N.J. Admin. Code § Tit. 11, ch. 4, subch. 34, app K

Current through Register Vol. 56, No. 24, December 18, 2024
Appendix K

Notice of Long Term Care Partnership Status

Date:
--------------------
Insured's
name:---------------------------------------------------
Policy or
certificate
number:----------------------------------------------------
Partnership
issue date:
----------------------------------------------------

Please Note: Your long-term care insurance coverage has been identified as qualifying for inclusion in New Jersey's Long Term Care Insurance Partnership program.

Q: What is the Partnership program?

The New Jersey Long Term Care Partnership is a public/private arrangement between state government and private long-term care insurers to assist individuals in planning for their long-term care needs. It enables people who purchase certain long-term care insurance policies to have more of their assets protected if they later need to have the state pay for their long-term care. For example, if you receive $ 100,000 in benefits under your long-term care insurance, you may be allowed to protect an additional $ 100,000 in assets at the time you apply for Medicaid/Medical Assistance through a feature known as "Asset Disregard" under New Jersey's Medicaid program.

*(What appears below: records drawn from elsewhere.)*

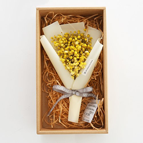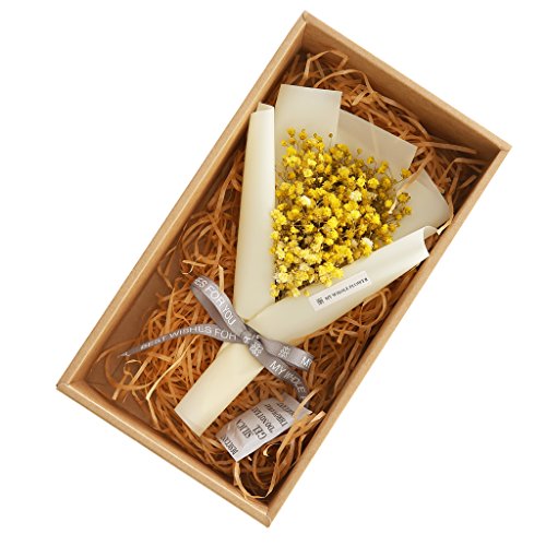 B Blesiya 6色選択 美しい 満天星 乾燥花 花束 永遠の花 母の日 恋人 ギフト花 ギフトボックス付き - 黄
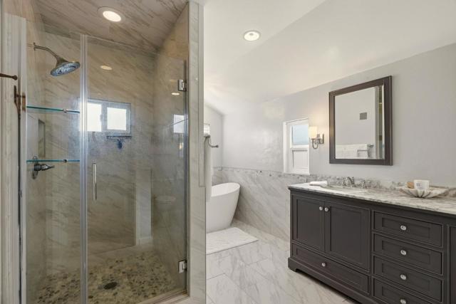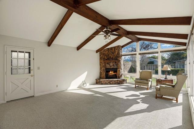 This 4-bedroom, 3-full-bathroom home features a bright and functional floor plan with spacious gathering areas and cozy fireplaces in both the formal living room and family room. The large family room showcases high ceilings and exposed beams, creating an open and inviting space perfect for everyday living and entertaining. Two bedrooms offer en-suite bathrooms, providing flexible options for guests, a home office, or multi-generational living. The primary suite features high ceilings, a sliding glass door overlooking the backyard deck, and a sitting area, the perfect spot to enjoy a morning coffee or unwind with a good book. The primary bathroom has been tastefully remodeled and includes a double vanity, soaking tub, and stand-up shower. Step outside to an expansive backyard deck, ideal for weekend BBQs, playtime, and creating lasting memories. Additional features include a Culligan water softener system. Conveniently located near major South Salinas shopping centers, dining, and everyday essentials. Less than 10 minutes from Fort Ord National Monument Trails, offering easy access to hiking, biking, and outdoor adventures. Enjoy convenient access to Highway 68 for an easy commute and to experience everything the Monterey Peninsula has to offer.
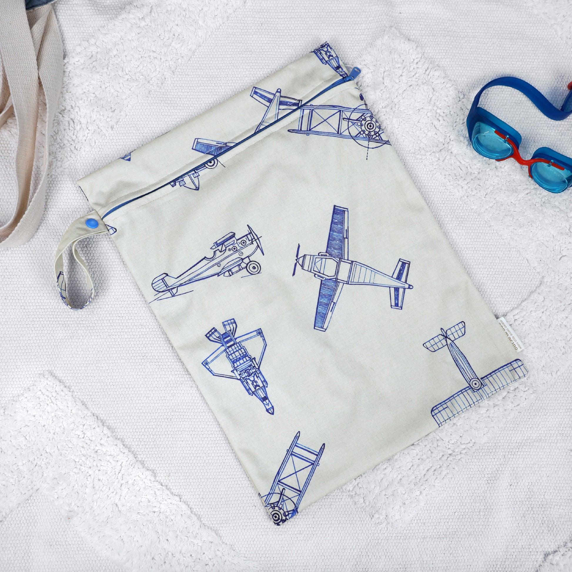 Our wet bags are made of waterproof fabric with one-of-a-kind, hand-drawn designs, making them perfect for storing damp (but not overly wet) costumes, clothes, and diapers before washing. Additionally, these bags can be utilized when traveling to the beach or pool, as they protect items inside from any moisture.
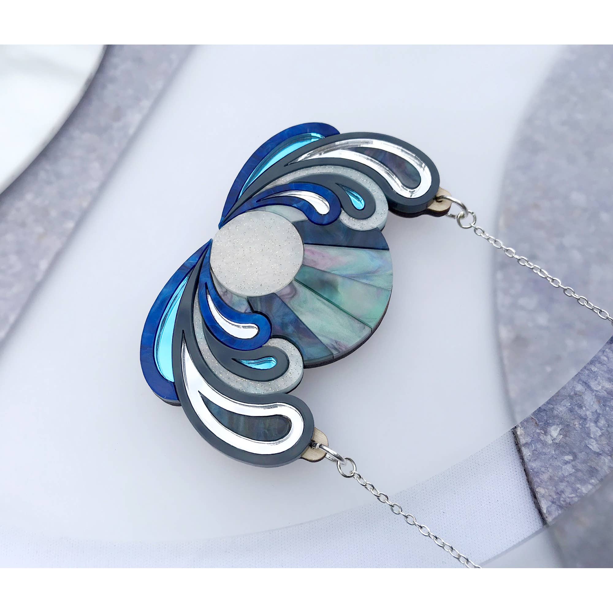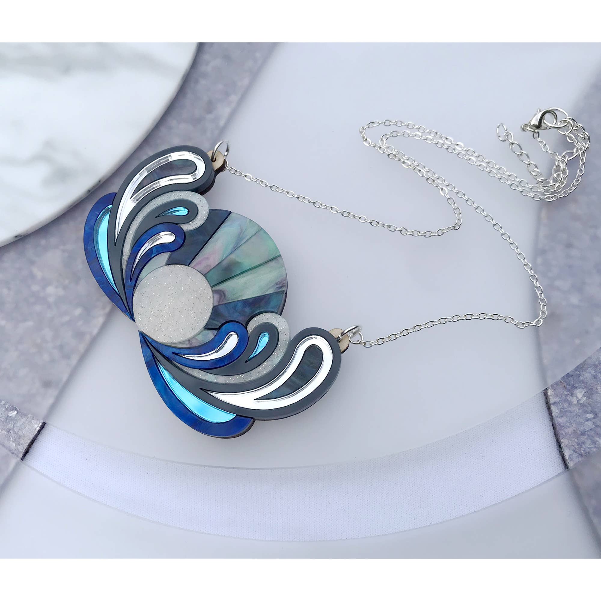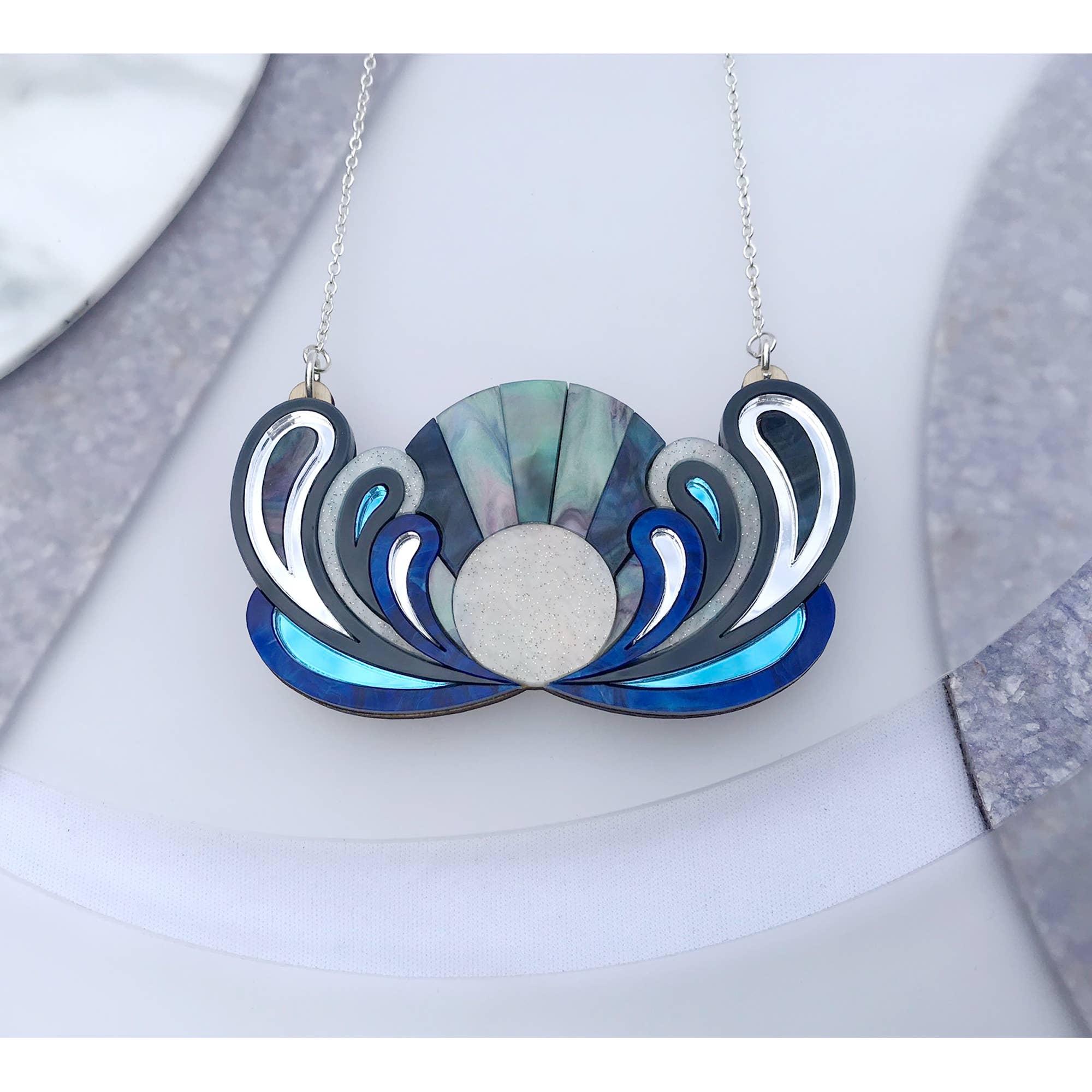 Laser-cut acrylic bib necklace featuring a layered "sunrise" design in mixed colours and finishes, including marbled and mirror acrylics. All pieces are hand-assembled on a laser-cut wood base for a lightweight yet durable structure. Necklace is finished with a silver-plated chain: 20cm length on each side, plus a 5cm extender for adjustable fit. Approx. bib necklace size: 8.4cm x 4.9cm at furthest points. The Lunar colourway features marbled blues and purples, with midnight marble, dark grey and blue and silver mirror. Please note: due to the handmade nature of marbled acrylic, colour distribution may vary slightly between pieces.
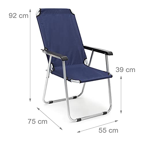 Relaxdays Sedia da Campeggio Pieghevole, HLP: 92 x 55 x 75 cm, da Pesca, Viaggio, da Giardino e Balcone, Blu Scuro, Acciaio, 1 pz
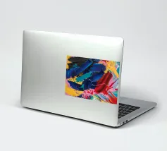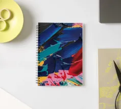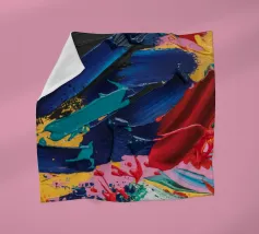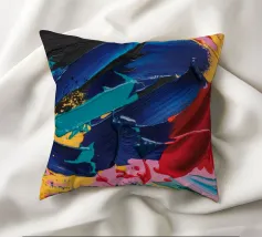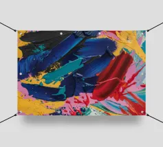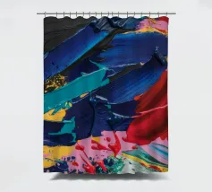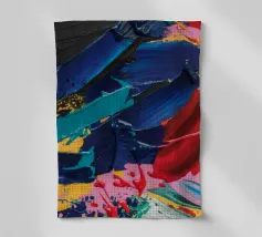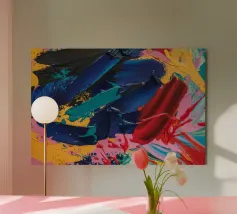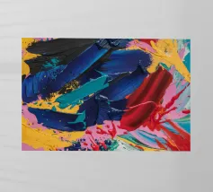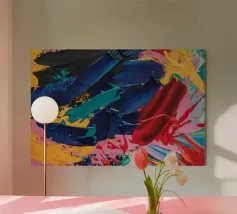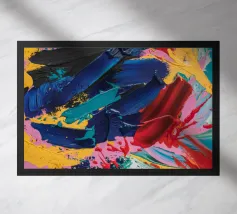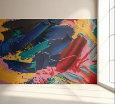 Un'intensa opera astratta con schizzi dinamici e spesse pennellate di blu cobalto, rosso, giallo e nero, che suggeriscono una furiosa esplosione di energia o un'esplosione caotica e colorata.

Q. What is "Asset Disregard"?

Asset disregard means that an amount of the policyholder's assets equal to the amount of long-term care insurance benefits received under a qualified Partnership Policy will be disregarded for the purpose of determining the insured's eligibility for Medicaid. This generally allows a person to keep assets equal to the insurance benefits received under a qualified Partnership Policy without affecting the person's eligibility for Medicaid. All other Medicaid eligibility criteria will apply and special rules may apply to persons whose home equity exceeds $ 500,000. Asset disregard is not available under a long-term care insurance policy that is not a Partnership Policy. Therefore, you should consider if Asset Disregard is important to you, and whether a Partnership Policy meets your needs. The purchase of a Partnership Policy does not automatically qualify you for Medicaid.

Q: Do I have to take any action now?

No. You don't need to take any additional steps until you apply for Medicaid/Medical Assistance. At that time, you may be asked to provide information about your coverage and your insurer should be able to assist you.

Q: Will this have any affect on my premiums?

No. This new status will not affect your premiums.

Q: What could affect my Partnership status?

Your coverage may lose its Partnership status or your Partnership benefits may be altered if:

1. You change your inflation protection. Whether your coverage qualifies as a Partnership Policy depends in part on your age and the type of inflation protection you select and maintain. Therefore, before you make any change to your inflation protection, be sure to ask your insurer how a change may affect your partnership status.
2. You move to a state that does not have a Partnership program or does not agree to provide reciprocity with New Jersey.
3. State and/or federal laws change.

N.J. Admin. Code Tit. 11, ch. 4, subch. 34, app K

New Rule, R.2009 d.65, effective 2/17/2009.
See: 40 N.J.R. 6377(a), 41 N.J.R. 881(b).